Open alex297 opened 4 years ago

alex297 commented 4 years ago

Dear Alan, I am very new to the rhythms analysis, going to try BooteJTK on my data. I have a question about the example file example/TestInput4_OTHERTEXT_boot10-rep2_GammaP.txt. Why the empiric p values (column "empP") are higher then BH-corrected p values (column "GammaBH")? Best regards Alex

alanlhutchison commented 4 years ago

Hi Alex,

Thanks for the question, and welcome to the field.

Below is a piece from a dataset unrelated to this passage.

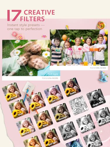 【8 Shooting Modes & 17 Filters】Includes professional modes such as portrait, landscape, and night scenes, combined with a diverse filter library to inspire creative inspiration; Supports USB connection to a computer as a webcam, suitable for live streaming or making video calls

The BH-corrected p-values are lower than the empP because the p-values that come from comparing (via Kendall's Tau) different waveforms against the same signal are correlated.

This means that the Benjamini-Hochberg process, which is only supposed to be used on independent p-values, is inappropriate to use in this case.

See https://www.biorxiv.org/content/10.1101/118547v1.full for more detail on this.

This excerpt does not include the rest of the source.